Werkgevers betalen in 2020 flink meer óf juist minder voor hun personeel in vergelijking met 2019. De Wet arbeidsmarkt in balans (Wab) is daarvan de oorzaak, stelt HR- en salarisdienstverlener ADP.
Flex wordt duurder
De Wab maakt de werkloosheidspremie afhankelijk van het soort contract. Dit heeft grote consequenties voor de werkgeverslasten. Betaalde een werkgever voor een werknemer met een tijdelijk contract en een modaal inkomen vorig jaar 538 euro aan werkgeverslasten, in 2020 wordt deze werknemer 99 euro per maand (+18%) duurder.
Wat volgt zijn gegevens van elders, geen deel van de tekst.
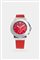 Cassa in acciaio con fondello avvitato. Quadrante rosso con indici geometrici applicati, contatore dei secondi continui al 6, dei 30 minuti cronografici al 9 e delle 12 ore al 3.

Voor hetzelfde personeelslid in vaste dienst is de werkgever in 2020 juist 42 euro per maand goedkoper uit. Het grote verschil wordt bijna volledig veroorzaakt door de nieuwe WW-premie.
Hoog en laag tarief
Met de Wab zijn de sectorale werkloosheidspremies per 2020 afgeschaft. Er blijft één WW-premie onder de noemer Algemeen werkloosheidsfonds (AWF) over, maar wel met een hoog (7,94%) en een laag (2,94%) tarief. Voor werknemers met een vast contract zijn werkgevers de lage premie verschuldigd. Voor tijdelijke en flexibele contracten betaalt de werkgever de hoge premie.
Meer vaste contracten?
Met deze nieuwe regels wil het kabinet werkgevers verleiden tot het aanbieden van meer vaste contracten. De nieuwe Wab zal de meeste impact hebben in sectoren met veel flexwerkers, zoals horeca en thuiszorg. Ook in bedrijven waar geen vaste contracten kunnen worden aangeboden, zien werkgevers hun loonkosten flink stijgen.
Alert blijven
Volgens Dik van Leeuwerden, verantwoordelijk voor wet- en regelgeving bij ADP Nederland, klinkt het allemaal eenvoudiger dan het in werkelijkheid zal zijn. Zelfs als de werkgever terecht de lage premie heeft betaald, kan er na afloop van het jaar alsnog herziening plaatsvinden. ‘Dat is bijvoorbeeld het geval als je 30% meer uren hebt verloond dan vooraf contractueel vastgelegd’, aldus Van Leeuwerden.
Adminstratie op orde
Niet alleen financieel, maar ook administratief heeft de WW-premieverandering impact. Zo moeten werkgevers vaststellen of alle contracten voor onbepaalde tijd schriftelijk vastgelegd zijn en door zowel werknemer als werkgever zijn ondertekend. Als het contract ooit stilzwijgend is omgezet zonder schriftelijke bevestiging en ondertekening, zoals in de praktijk vaak gebeurt, is dat dus niet voldoende om een lage WW-premie te mogen rekenen. Minister Koolmees heeft werkgevers uitstel gegeven tot 1 april 2020 om hun administratie op orde te maken.
Overheid uitgezonderd
Ambtelijke organisaties zijn een uitzondering als het gaat om de nieuwe WW-premie. Ondanks dat ambtenaren sinds dit jaar onder het civiele arbeidsrecht vallen, blijven overheidswerkgevers eigen risicodrager voor de WW en blijft voor hen de UFO-premie van toepassing. Deze daalt zelfs voor het eerst in jaren van 0,78% naar 0,68%.
Overige premies
In verhouding met de WW-premie zijn er weinig schokkende ontwikkelingen als het gaat om de overige premies. De werkgeversbijdrage voor de Zorgverzekeringswet (ZVW) daalt van 6,95% naar 6,70%. De AOF-premie voor het Algemeen arbeidsongeschiktheidsfonds stijgt van 6,46% naar 6,77%. Zoals ook in eerdere jaren het geval was, wordt deze premie nog verhoogd met 0,50% bijdrage Kinderopvangfonds. Ook in de pensioenpremies zijn de verschillen ten opzichte van 2019 te verwaarlozen.